• **Data excerpts**
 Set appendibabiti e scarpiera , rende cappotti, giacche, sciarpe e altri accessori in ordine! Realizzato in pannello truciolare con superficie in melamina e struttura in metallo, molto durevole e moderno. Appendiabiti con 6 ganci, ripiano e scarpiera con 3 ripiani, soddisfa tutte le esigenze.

...

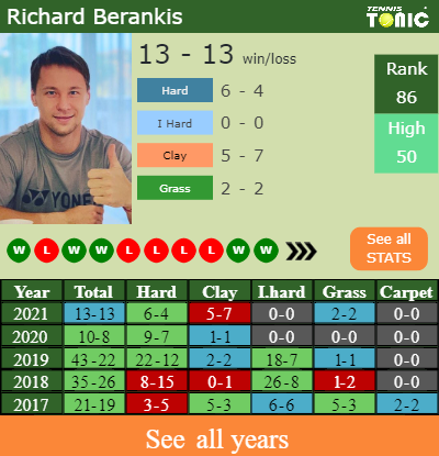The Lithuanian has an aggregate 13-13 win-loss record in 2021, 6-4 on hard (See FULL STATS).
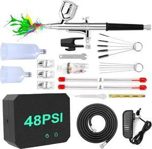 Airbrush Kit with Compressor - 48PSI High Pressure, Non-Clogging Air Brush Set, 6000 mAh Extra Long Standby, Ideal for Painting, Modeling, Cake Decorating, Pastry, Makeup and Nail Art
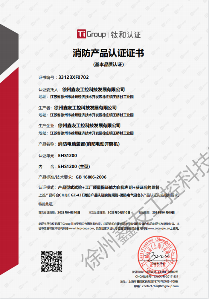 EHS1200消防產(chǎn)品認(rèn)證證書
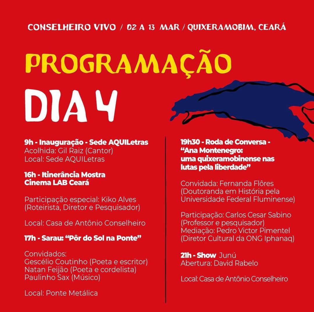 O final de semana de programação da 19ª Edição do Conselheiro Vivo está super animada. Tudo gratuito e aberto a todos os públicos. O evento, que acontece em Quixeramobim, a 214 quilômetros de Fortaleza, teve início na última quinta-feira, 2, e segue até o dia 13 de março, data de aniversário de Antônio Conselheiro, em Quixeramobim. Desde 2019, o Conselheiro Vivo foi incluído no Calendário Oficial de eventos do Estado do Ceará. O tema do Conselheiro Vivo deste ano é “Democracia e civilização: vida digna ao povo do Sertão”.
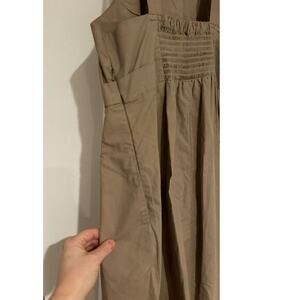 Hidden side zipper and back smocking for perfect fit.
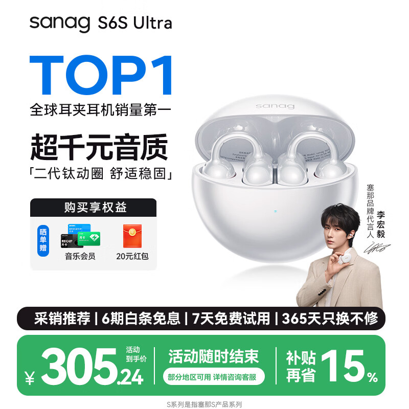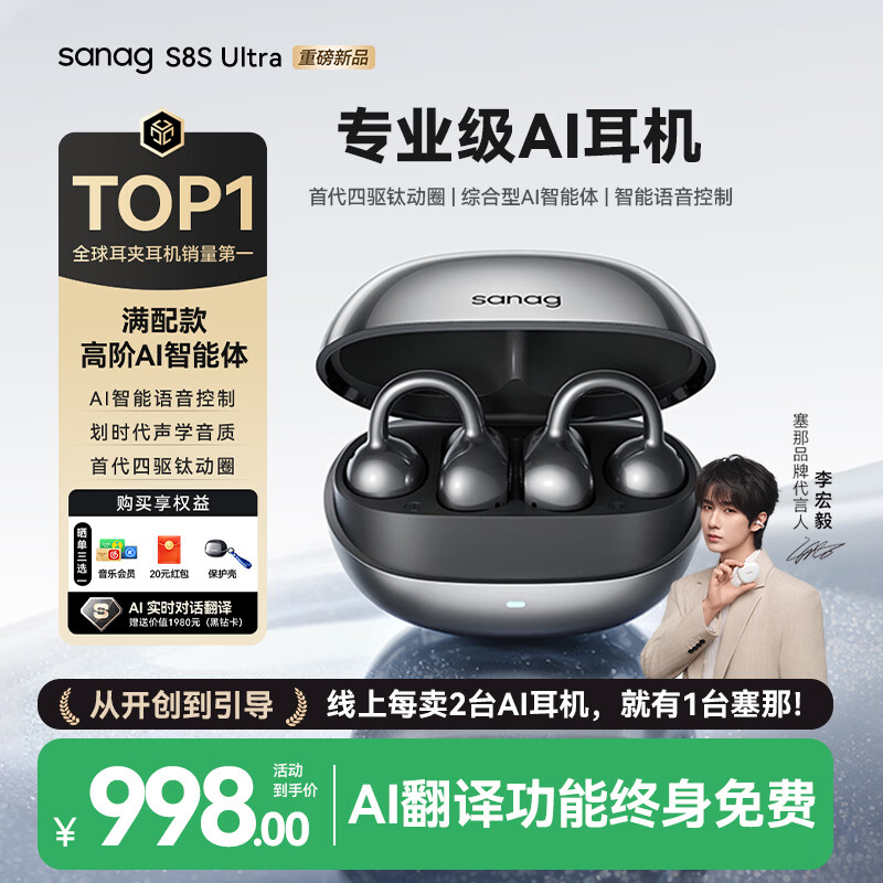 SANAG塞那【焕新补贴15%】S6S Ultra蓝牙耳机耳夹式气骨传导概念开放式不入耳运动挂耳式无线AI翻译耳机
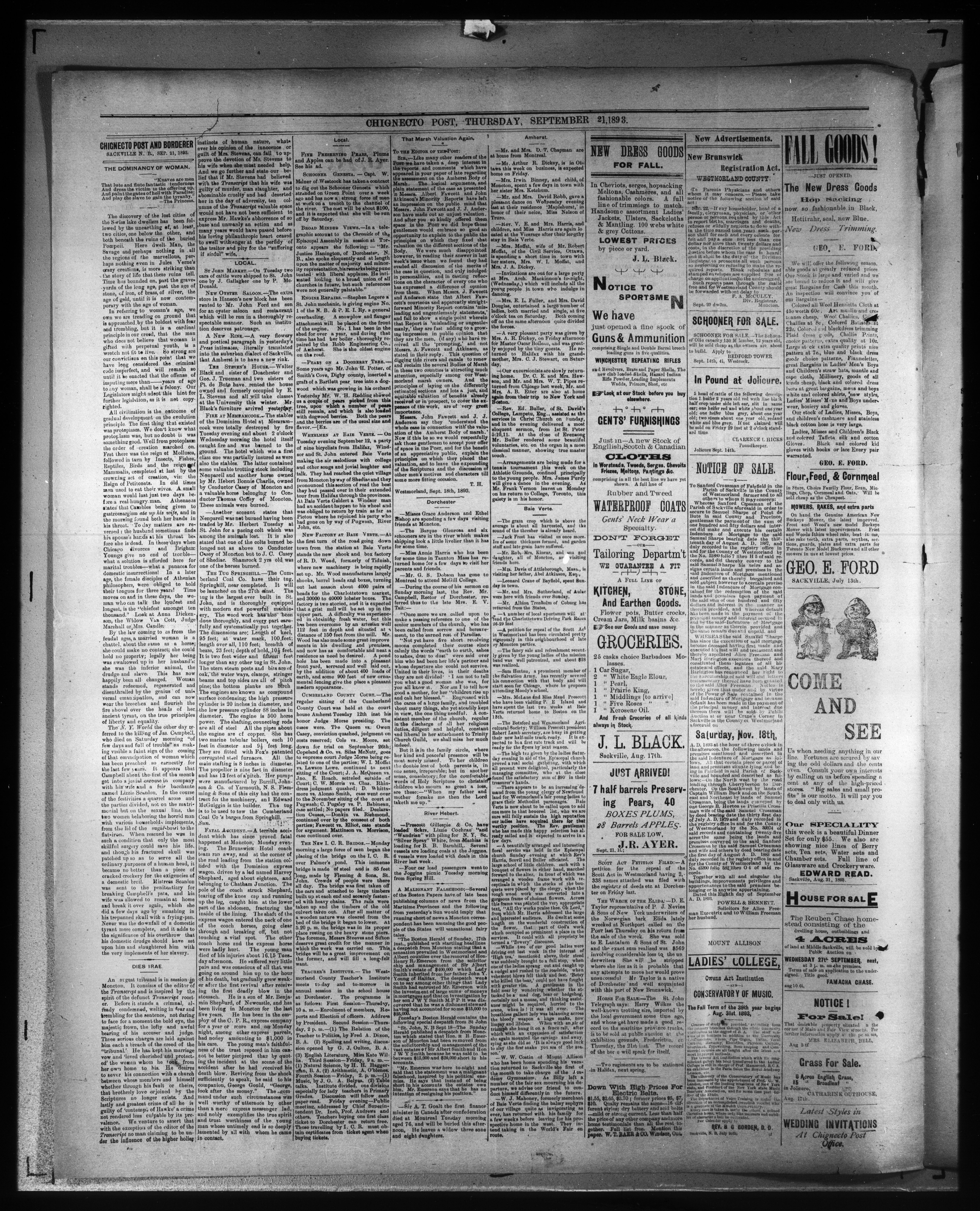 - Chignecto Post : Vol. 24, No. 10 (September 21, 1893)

--

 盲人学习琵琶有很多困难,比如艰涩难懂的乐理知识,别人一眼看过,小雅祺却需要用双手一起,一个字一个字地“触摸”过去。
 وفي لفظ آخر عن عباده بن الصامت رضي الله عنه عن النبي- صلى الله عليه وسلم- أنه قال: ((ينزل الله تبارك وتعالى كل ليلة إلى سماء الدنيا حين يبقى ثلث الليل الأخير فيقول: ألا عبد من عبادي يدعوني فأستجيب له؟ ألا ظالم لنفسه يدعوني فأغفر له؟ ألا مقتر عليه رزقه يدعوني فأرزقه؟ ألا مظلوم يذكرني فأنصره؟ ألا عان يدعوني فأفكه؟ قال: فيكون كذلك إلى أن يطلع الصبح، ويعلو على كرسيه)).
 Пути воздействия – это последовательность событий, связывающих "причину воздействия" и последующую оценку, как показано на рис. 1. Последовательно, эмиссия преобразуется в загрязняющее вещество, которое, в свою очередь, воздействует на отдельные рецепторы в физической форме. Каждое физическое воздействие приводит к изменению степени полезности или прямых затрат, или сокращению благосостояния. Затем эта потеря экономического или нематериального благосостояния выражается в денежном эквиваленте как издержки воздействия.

• **Exercise details**
Exactly as written above, retype the lines starting at the one holding "Hidden side zipper" and ending at the one holding "- Chignecto Post", both included, but not the pictures.

• **Response**
 Hidden side zipper and back smocking for perfect fit.
 SANAG塞那【焕新补贴15%】S6S Ultra蓝牙耳机耳夹式气骨传导概念开放式不入耳运动挂耳式无线AI翻译耳机
 - Chignecto Post : Vol. 24, No. 10 (September 21, 1893)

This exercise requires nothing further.